▶ Exercise objective
Exactly the lines below starting at the line with "鋼制零件產(chǎn)生疲勞" and ending at the line with "Sindh Police invites" are wanted, with both ends included. Leave out the pictures and add no other lines.

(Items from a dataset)
+ + + + +
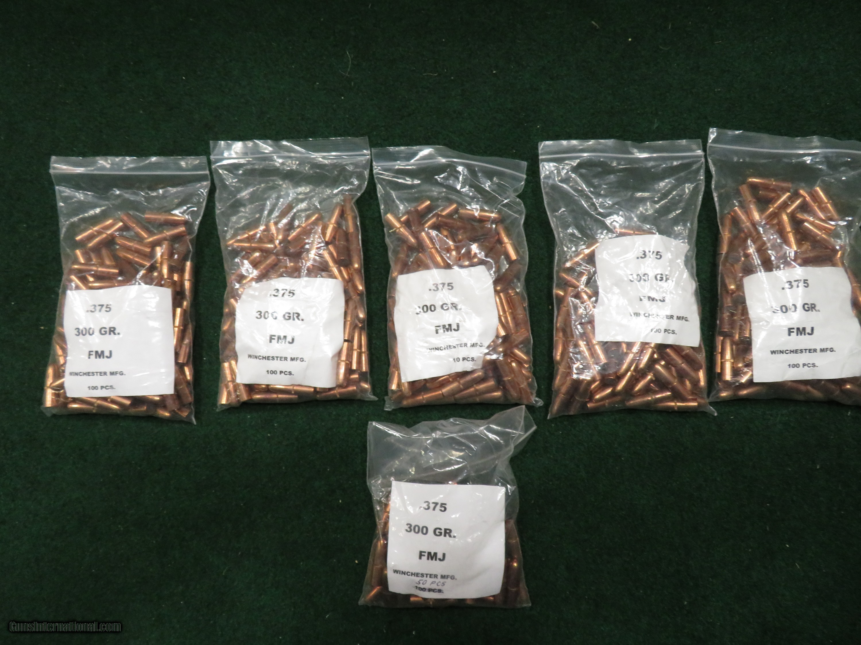 Description: 550 Winchester Mfg., .375, 300gr, FMJ bullets. These make great practice ammo. SOLD |
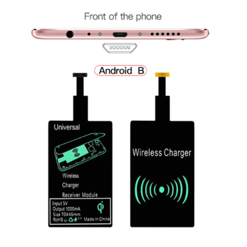 Універсальний ресивер Qi micro usb type a — приймач бездротової зарядки micro usb, який додає підтримку стандарту Qi смартфонам без вбудованої індукції. Тонкий модуль qi під чохол легко встановити під кришку або бампер і не заважає користуванню. Так ви отримаєте бездротову зарядку для смартфона micro usb без заміни пристрою.
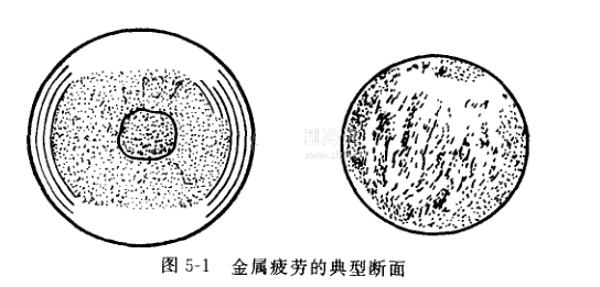 鋼制零件產(chǎn)生疲勞時,其特點是斷裂的面上出現(xiàn)兩個區(qū)域(圖5-1),斷面平整的區(qū)域表示顯微裂紋縱向發(fā)展的過程,斷面粗糙的區(qū)域附有破淬的金屬結(jié)晶,說明斷裂前零件最后受力的斷面。
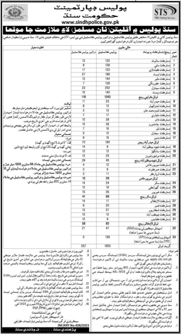 Sindh Police invites applications for job positions advertised in daily Kawish dated 10 February 2023 for following vacancies in Karachi, karachi Sindh Pakistan.
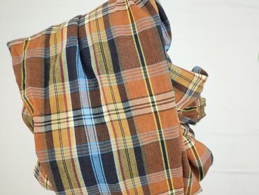 - Wzór: krata w odcieniach rudości, musztardy, oliwki, czerni i jasnego błękitu
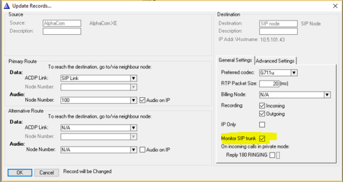 The monitoring is enabled from AlphaPro. Open Exchange & System > NetRouting, select the route to the SIP node, and press Change. Enable the flag "Monitor SIP Trunk":
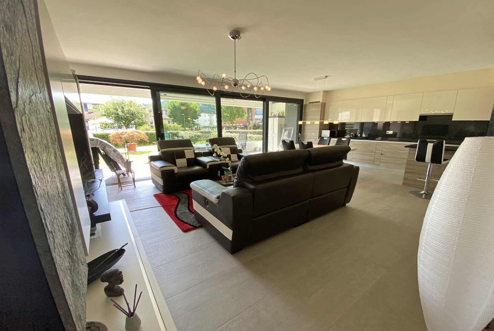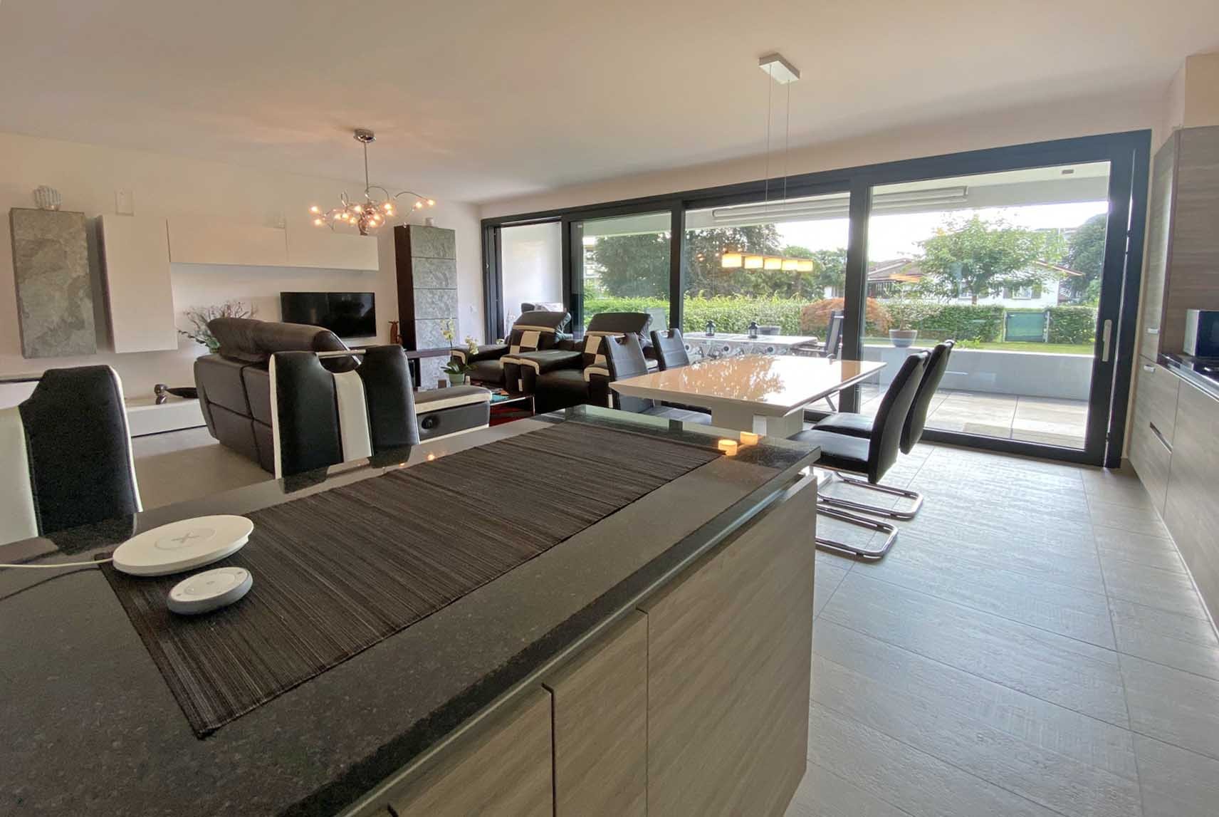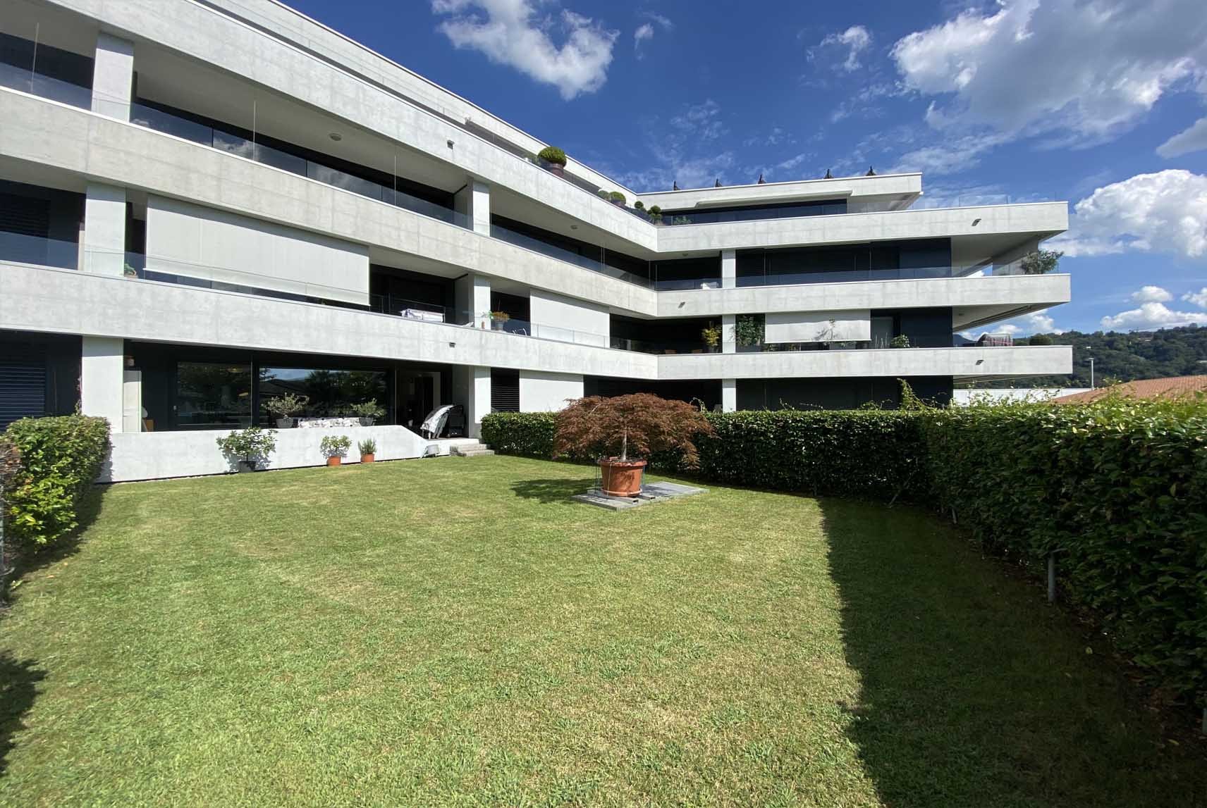 Moderno ed elegante 3.5 locali di circa 115 mq lordi, con una grande terrazza coperta di 17 mq che si apre su un grande giardino pianeggiante di 100 mq con bella vista aperta sul panorama circostante, al primo piano rialzato di una palazzina di design del 2015 con ascensore, composta da soli 14 appartamenti e suddivisa in 4 piani, in una zona ben servita situata nella parte più bella di Agno.
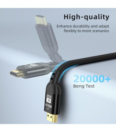 Longueur compacte de 2 m pour les espaces petits à moyens Avec une longueur de 2 m, ce câble HDMI 2.1 offre un équilibre idéal entre flexibilité et propreté, parfait pour connecter des appareils à proximité, comme brancher une console de jeux à un moniteur 4K à proximité ou relier une barre de son à un téléviseur mural. Il offre des performances 8K60Hz, 4K120Hz et 48Gbps sans compromis, garantissant des signaux stables sans aucun décalage ni perte de signal, même dans des configurations compactes.Des images de qualité cinéma et une excellence en matière de jeux vidéo Profitez d'images de qualité cinéma grâce à la prise en charge des taux de rafraîchissement élevés 8K Ultra HD et 4K, qui font ressortir chaque image de film et chaque action de jeu avec des détails nets. Équipé des technologies VRR taux de rafraîchissement variable et ALLM mode de latence automatique, il élimine les déchirures d'écran et réduit le décalage d'entrée, ce qui est essentiel pour les jeux compétitifs sur PS5, Xbox Series XS ou les moniteurs de jeu haut de gamme. Le HDR dynamique améliore la précision des couleurs, donnant vie à des tons vifs dans les scènes sombres comme dans les scènes lumineuses.Durabilité à toute épreuve pour une utilisation quotidienne Conçu pour résister à une utilisation quotidienne et à des mouvements occasionnels, ce câble de 2 mètres est doté d'une gaine épaisse en nylon tressé qui résiste à l'effilochage, à la flexion et à l'emmêlement. Le triple blindage feuille d'aluminium couches tressées bloque les interférences électromagnétiques, garantissant une transmission stable même dans les configurations comportant plusieurs appareils électroniques. Les connecteurs renforcés empêchent les ruptures dues à des tractions accidentelles, prolongeant la durée de vie du câble pour des années de performances fiables.Garantie de 3 ans et assistance par des experts Chaque câble HDMI 2.1 de 2 mètres est soumis à des tests rigoureux en usine afin de répondre aux normes de performance 8K, vous garantissant ainsi un produit de haute qualité. Bénéficiant d'une garantie de 3 ans, nous couvrons les défauts, les problèmes de signal ou les dommages. Il vous suffit de contacter notre équipe pour obtenir un remplacement gratuit. Notre service clientèle est à votre disposition pour répondre à toutes vos questions, vous pouvez donc être sûr que votre installation est protégée.Garantie de 3 ans et assistance clientèle Chaque câble HDMI 2.0 de 2M mètres est soumis à des tests rigoureux afin de répondre aux normes de performance 4K, garantissant ainsi sa qualité. Couvert par une garantie de 3 ans, nous prenons en charge les défauts, les problèmes de signal ou les dommages. Il vous suffit de contacter notre équipe pour obtenir un remplacement gratuit. Notre service clientèle est disponible 24 heures sur 24 pour répondre à toutes vos questions, vous pouvez donc être sûr que votre installation étendue est protégée. ...
+ + + + +
▶ Solution to this exercise
 鋼制零件產(chǎn)生疲勞時,其特點是斷裂的面上出現(xiàn)兩個區(qū)域(圖5-1),斷面平整的區(qū)域表示顯微裂紋縱向發(fā)展的過程,斷面粗糙的區(qū)域附有破淬的金屬結(jié)晶,說明斷裂前零件最后受力的斷面。
 Sindh Police invites applications for job positions advertised in daily Kawish dated 10 February 2023 for following vacancies in Karachi, karachi Sindh Pakistan.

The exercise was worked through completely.